Добавить в цитаты Настройки чтения

Страница 10 из 80



Анна перекрестилась.

— Господи, батюшка… Никак, в комиссарши попала.

Ребенок громко заплакал: «Мам… мам… мам… А-а-а».

Играла вдохновенно и легко. Смутила обоих.

— Отпустите ее, — вполголоса сказал комендант, — с ребенком!

Офицер еще раз взглянул на Анну Не сдержалась, — привычным жестом провела рукой по лицу.

— Нет. Она.

Сказал решительно:

— Видел сам. И слушал, как говорит. Рукой по лицу проводит. Взять ее!

Скрестились взгляды. Бешено схватила ненависть сердце. В первый раз услышала это: взять. Но сжалась. Не прежняя Анна.

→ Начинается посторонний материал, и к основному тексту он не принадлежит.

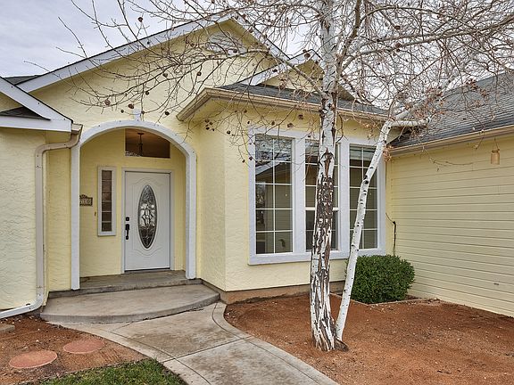 Completely remodeled in 2016, this North area property features stylish upgrades all within a marvelously designed three bedroom two bathroom ranch-style home. A multitude of roof angles and enormous windows from every view, this home will capture your attention and draw you in with its sprawling lawns, custom fencing, and mature aspen trees. With its two-car garage, this home features a welcoming and covered front entrance; but step inside and you’ll be inspired by the open, spacious foyer with its oversized tile flooring, elegant lighting feature, and bright windows. Just off the foyer, a gorgeous home office faces the front of the home through a wall of windows. Elegant and profound, this home’s living room is entered through a masterful arched ceiling and columned walls. In here, you’ll find stunning wood grain tiled flooring, vaulted ceilings, and an expansive entertainment wall. Centered in this space, a gas log fireplace is highlighted by a tile surround and custom wood accents and mantel. French doors center the dining room and lead out back to the entertainment patio. With new complementing countertops, the kitchen glows with its custom tile backsplash, honey-toned cabinetry, and all new stainless steel appliances. A new oversized single bowl kitchen sink with new stainless faucet looks out over the entertainment counter. A true master suite, the grand master bedroom opens to wood grain tile flooring, arched windows on every wall, and a one-of-kind suite and sitting room. Space abounds in this luxurious room where the five-piece master bathroom boasts new countertops on the double-sink vanity, an elegant garden bathtub, and a beautifully tiled walk-in shower. A second sizable bedroom hosts lush carpeting while a third bedroom features wood grain tile flooring and a custom lighting feature. Serving the home, the main bathroom is customized with a double-sink vanity, tile framed mirror, and tiled bathtub surround. Outside, this home is further enhanced by an expanded patio with a pergola. Sprawling lawns blended with a dog run, storage shed, and entertainment patio make this backyard a private retreat. Hand-textured walls and crown molding along with all new interior paint add to this home’s immaculate and elegant detailing.
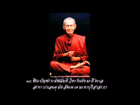 สังโฆ ปะติฏฐิโต มัยหัง อุเร สัพพะคุณากะโร. - หะทะเย เม อะนุรุทโธ สารีปุตโต จะทักขิเณ
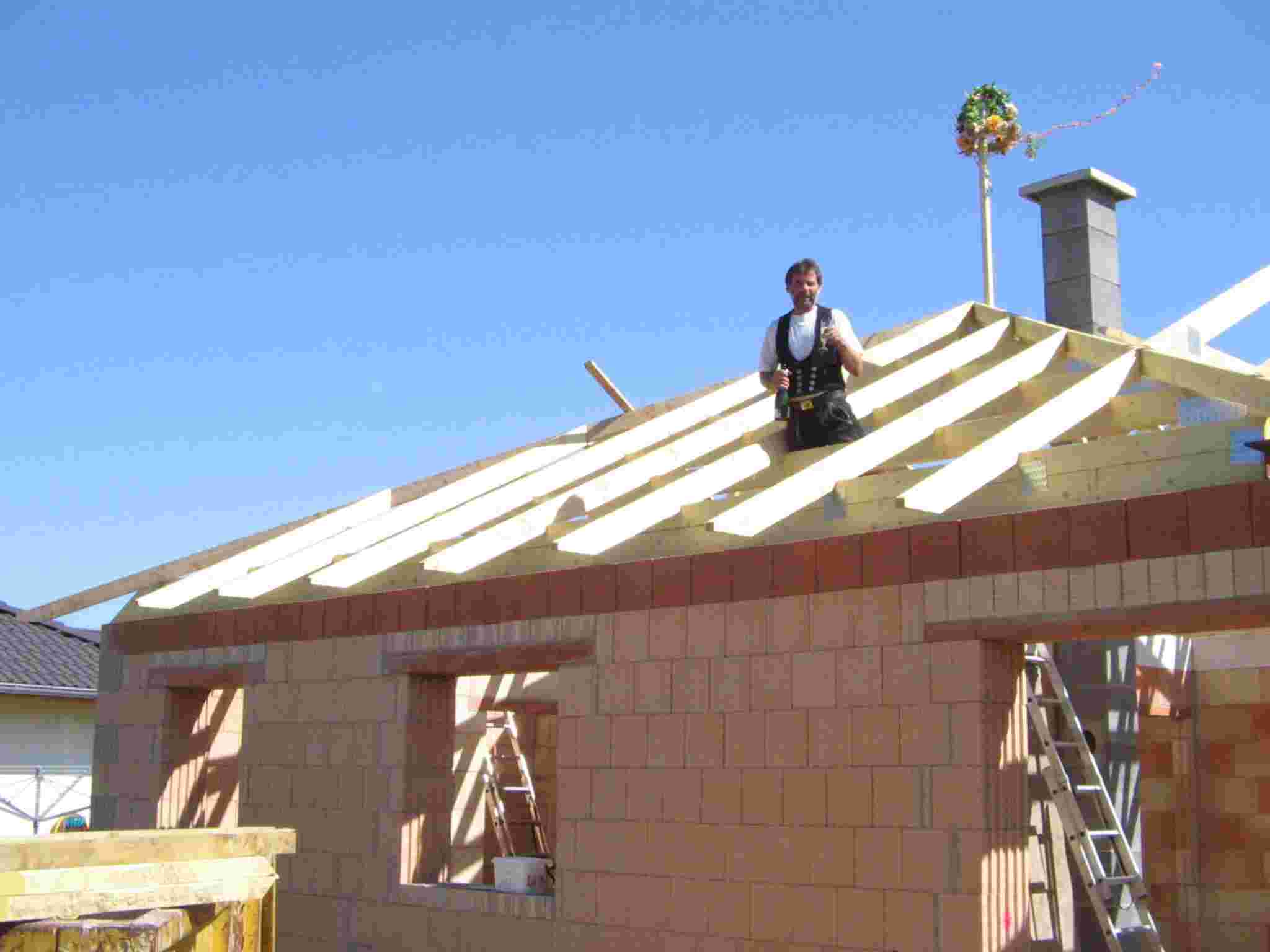Aquí la estructura de madera del techo (En alemán: Richtfest) de ambas casas.
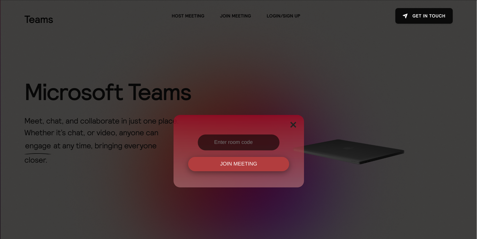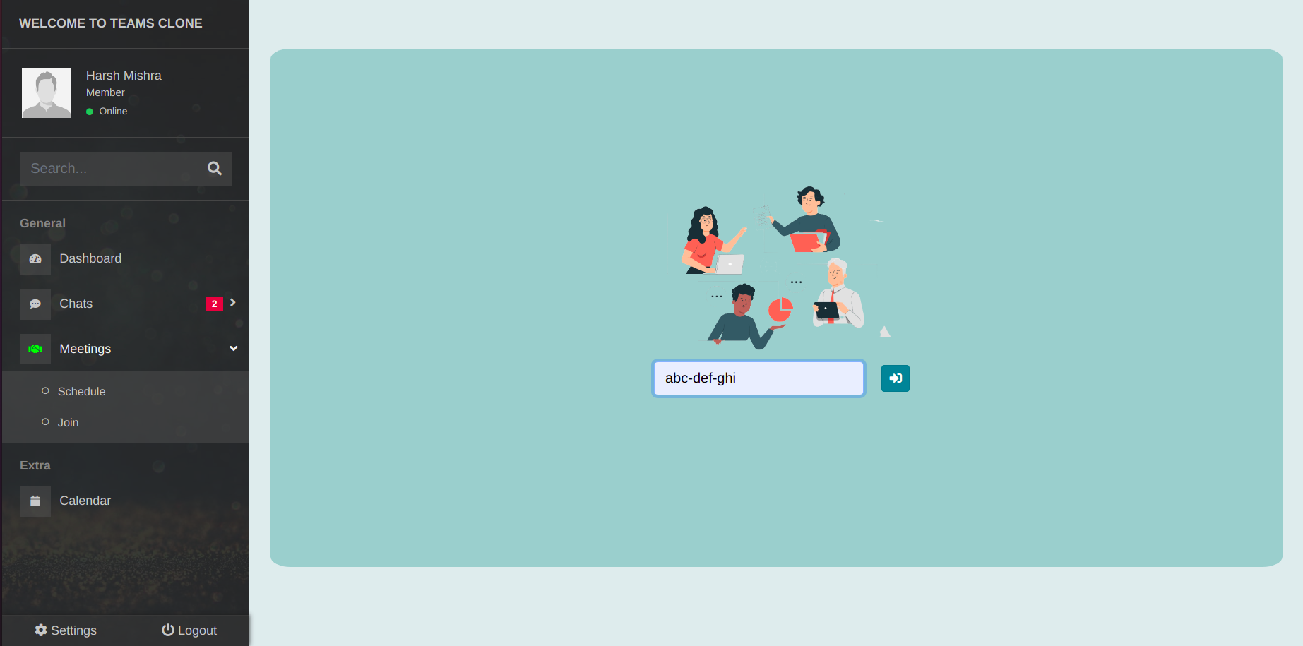 - When clicked on join a meeting, a new popup shows, users can paste the meeting code and join meets.

Привыкла держать себя в руках.

В тюрьме впитала ее в полноте, эту священную злобу И узнала твердо: теперь не уступит. В тесноте на нарах, обирая вшей с себя и ребенка, думала много. Подытожила все. Рядом с ней спала старуха. Седая, высохшая, темная. По ночам долго молилась. Днем гадала на бобах. Говорила мало и на всех смотрела исподлобья. Как старый, затравленный зверь.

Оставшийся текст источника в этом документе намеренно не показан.